Even though most servers will not compress when the Accept-Encoding header is missing, there are cases where the server still does. An example would be the traefik server version v3.0.0-beta5 with a compression middleware enabled, as stated in their documentation about compression middlewares:

If the Accept-Encoding request header is absent, it is meant as br compression is requested.

To Reproduce This is not really about the client/server configuration, so reproducing is easy on the library side and more complex on the server setup side.

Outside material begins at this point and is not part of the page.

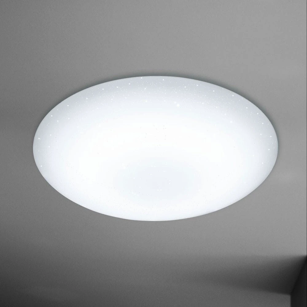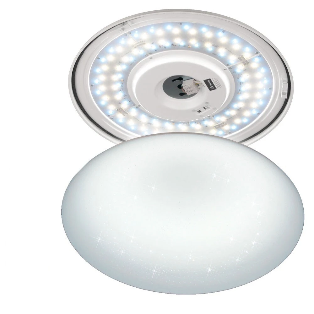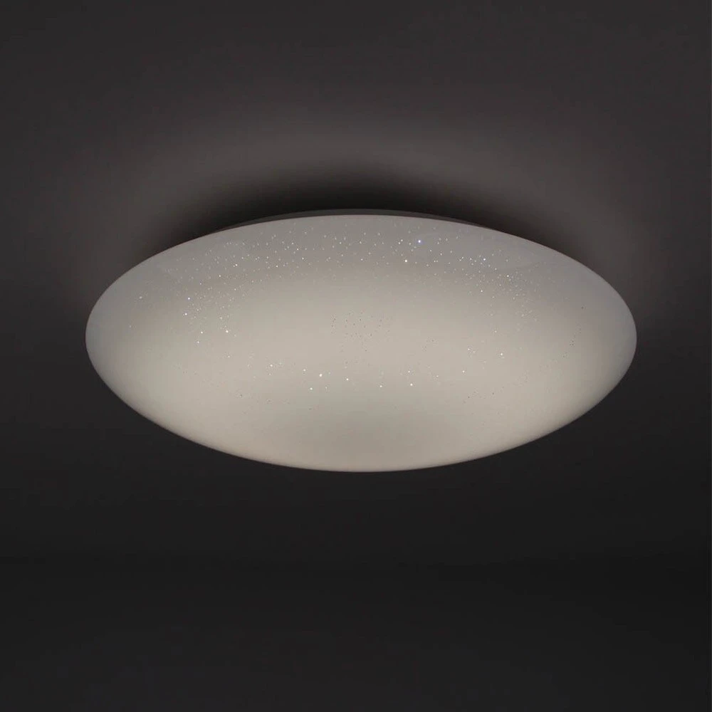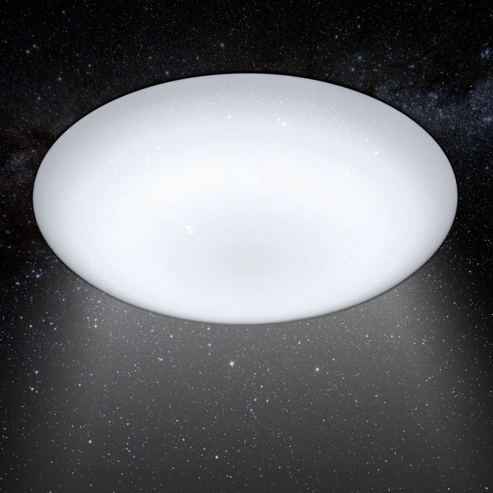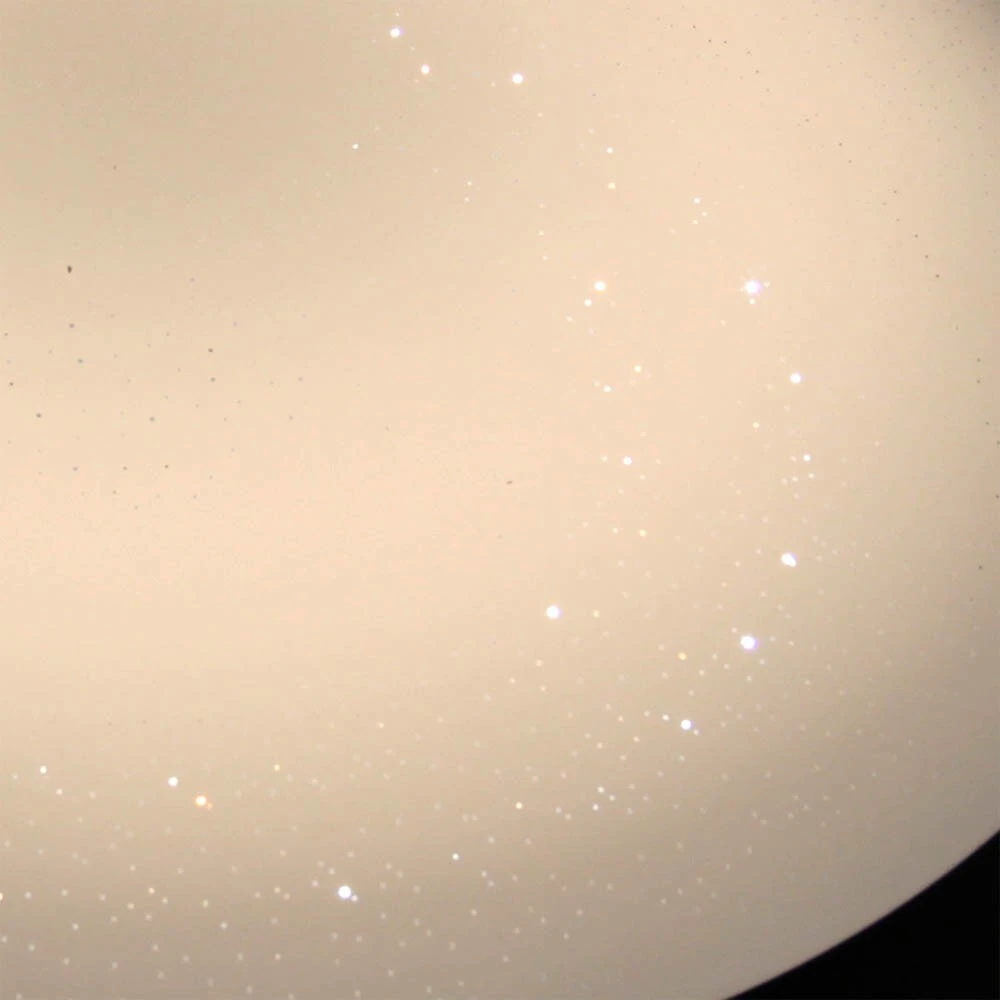 Die Deckenleuchte Sparkle ist optisch ein echter Leckerbissen. Auf den ersten Blick mag es so wirken, als ob es sich um eine ganz gewöhnliche Nurglasleuchte handeln würde, aber spätestens im eingeschalteten Zustand zeigt sie durch das dem Lampenschirm immanente Funkeln, was in ihr steckt. Je nachdem, wie man die Leuchte betrachtet, verändert sich der Effekt und macht die Leuchte auf diese Art fast zu etwas Lebendigem, Magischen. Durch kleine, klare Aussparungen im ansonsten satinierten Leuchtenschirm strahlen die LEDs mal stärker oder weniger stark hindurch – so ergibt sich der Effekt eines funkelnden Sternenhimmels.

const { Issuer } = require('openid-client');
Issuer.discover('http://openid-server.example.com');

Traefik configuration:

entryPoints:
  http:
    address: ':80'
http:
  middlewares:
    default-compress:
      compress: true
  services:
    openid-server:
      loadBalancer:
        servers:
          - url: 'http://localhost:8080'
  routers:
    openid-server:
      rule: Host(`openid-server.example.com`)
      entryPoints:
        - http
      service: openid-server
      middlewares:
        - default-compress

Steps to reproduce the behaviour:

  1. Start an openid-server behind traefik v3.0.0-beta5 with compression middleware enabled (see example traefik configuration above)
  2. Run Issuer.discover() with an URL pointing to the openid-server behind traefik

Expected behaviour The expected behaviour would be, that the openid-client library (in particular the requests helper) is aware of content encoding / compression. An easy fix would be to set the Accept-Encoding header to identity, which should disable encoding/compression on standard conform servers (see MDM web docs: Accept-Encoding header). Doing this fixes the problem in the scenario with traefik v.3.0.0-beta5 with the compression middleware enabled. A more complex solution would be to add support for compression (and then set the Accept-Encoding header to compression methods supported).

Environment:

Additional context Add any other context about the problem here.

panva commented 10 months ago

@JasperJuergensen thank you

An easy fix would be to set the Accept-Encoding header to identity

That's likely the quickest route to take here.